→ **Your assignment**
Leaving out every image, restate all the records word for word.

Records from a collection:
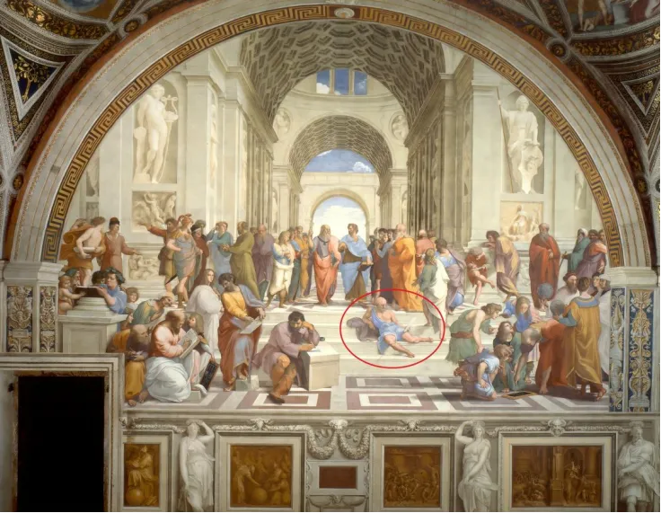 在拉斐尔的名画《雅典学园》中,以柏拉图和亚里士多德为中心分别排列着50多位人物,大致可以分成前后两群,而在中间,一个斜倚在台阶上的人旁若无人地阅读,茕茕孑立,孤影相吊,显得格外突出,他就是犬儒学派的代表第欧根尼(Diogenes,约前412-323)。
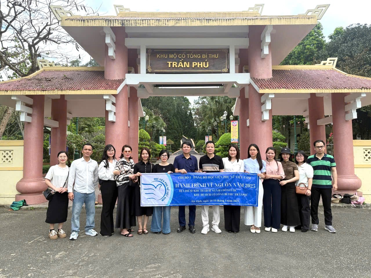 Tiếp nối hành trình, đoàn về xã Tùng Ảnh, huyện Đức Thọ, nơi yên nghỉ của đồng chí Trần Phú – Tổng Bí thư đầu tiên của Đảng Cộng sản Việt Nam. Khu mộ tọa lạc trên núi Quần Hội, rộng khoảng 40m², nhìn xuống bến Tam Soa hiền hòa – một không gian linh thiêng và thanh bình. Tại đây, đoàn kính cẩn dâng hương lên phần mộ đồng chí và thân nhân, đồng thời ôn lại cuộc đời cách mạng kiên trung của người chiến sĩ cộng sản đã hi sinh ở tuổi 27. Lời trăn trối cuối cùng của đồng chí “Hãy giữ vững chí khí chiến đấu!” đã trở thành ngọn lửa truyền lửa qua các thế hệ.
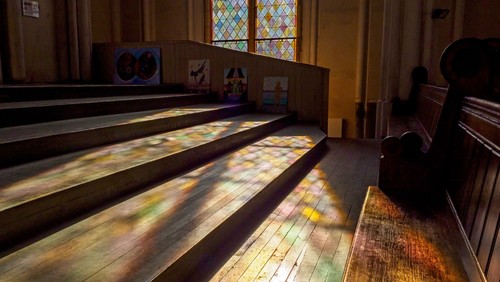 10. Oktober um 16 Uhr „Ein zauberhaftes Spiel mit dem Licht des Himmels - Die Ginflaschen- und Buntglasfenster in der Zwölf-Apostel-Kirche“
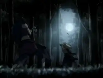 In a village burdened by the Fire Nation's pollution, Katara disguises herself as the river spirit the Painted Lady in order to help the village.[33] While staying with the semi-reclusive Hama, the protagonists learn she is a waterbender from the Southern Tribe who was imprisoned by the Fire Nation. Later, she offers to teach Katara a waterbending technique called "bloodbending", which enables physical control of animals and humans. When Katara refuses to learn this technique, Hama uses it on Aang and Sokka, forcing Katara to use the technique herself on Hama.[34] When Prince Zuko joins the protagonists after the Invasion fails and gains everyone's trust, he fails to do so with Katara until he assists her in finding the man who was responsible for killing her mother, during the process of which she uses bloodbending. Though deciding not to take her revenge nor forgive, she does come to terms with Zuko and accepts him as her friend.
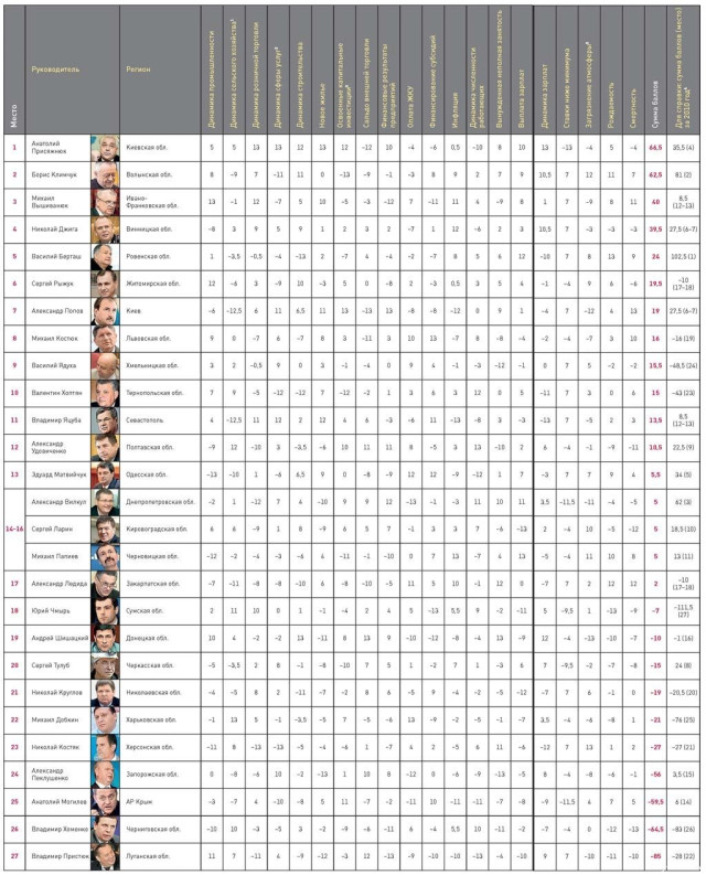 Порівняно із попереднім рейтингом суттєво змінилися позиції багатьох губернаторів. «Але сталося це не тому, що якимось керівникам вдалося досягнути видатних результатів, а насамперед через помітне погіршення соціально-економічної ситуації в низці регіонів упродовж останнього кварталу минулого року», - констатувало видання.

→ **Reply to the task**
 在拉斐尔的名画《雅典学园》中,以柏拉图和亚里士多德为中心分别排列着50多位人物,大致可以分成前后两群,而在中间,一个斜倚在台阶上的人旁若无人地阅读,茕茕孑立,孤影相吊,显得格外突出,他就是犬儒学派的代表第欧根尼(Diogenes,约前412-323)。
 Tiếp nối hành trình, đoàn về xã Tùng Ảnh, huyện Đức Thọ, nơi yên nghỉ của đồng chí Trần Phú – Tổng Bí thư đầu tiên của Đảng Cộng sản Việt Nam. Khu mộ tọa lạc trên núi Quần Hội, rộng khoảng 40m², nhìn xuống bến Tam Soa hiền hòa – một không gian linh thiêng và thanh bình. Tại đây, đoàn kính cẩn dâng hương lên phần mộ đồng chí và thân nhân, đồng thời ôn lại cuộc đời cách mạng kiên trung của người chiến sĩ cộng sản đã hi sinh ở tuổi 27. Lời trăn trối cuối cùng của đồng chí “Hãy giữ vững chí khí chiến đấu!” đã trở thành ngọn lửa truyền lửa qua các thế hệ.
 10. Oktober um 16 Uhr „Ein zauberhaftes Spiel mit dem Licht des Himmels - Die Ginflaschen- und Buntglasfenster in der Zwölf-Apostel-Kirche“
 In a village burdened by the Fire Nation's pollution, Katara disguises herself as the river spirit the Painted Lady in order to help the village.[33] While staying with the semi-reclusive Hama, the protagonists learn she is a waterbender from the Southern Tribe who was imprisoned by the Fire Nation. Later, she offers to teach Katara a waterbending technique called "bloodbending", which enables physical control of animals and humans. When Katara refuses to learn this technique, Hama uses it on Aang and Sokka, forcing Katara to use the technique herself on Hama.[34] When Prince Zuko joins the protagonists after the Invasion fails and gains everyone's trust, he fails to do so with Katara until he assists her in finding the man who was responsible for killing her mother, during the process of which she uses bloodbending. Though deciding not to take her revenge nor forgive, she does come to terms with Zuko and accepts him as her friend.
 Порівняно із попереднім рейтингом суттєво змінилися позиції багатьох губернаторів. «Але сталося це не тому, що якимось керівникам вдалося досягнути видатних результатів, а насамперед через помітне погіршення соціально-економічної ситуації в низці регіонів упродовж останнього кварталу минулого року», - констатувало видання.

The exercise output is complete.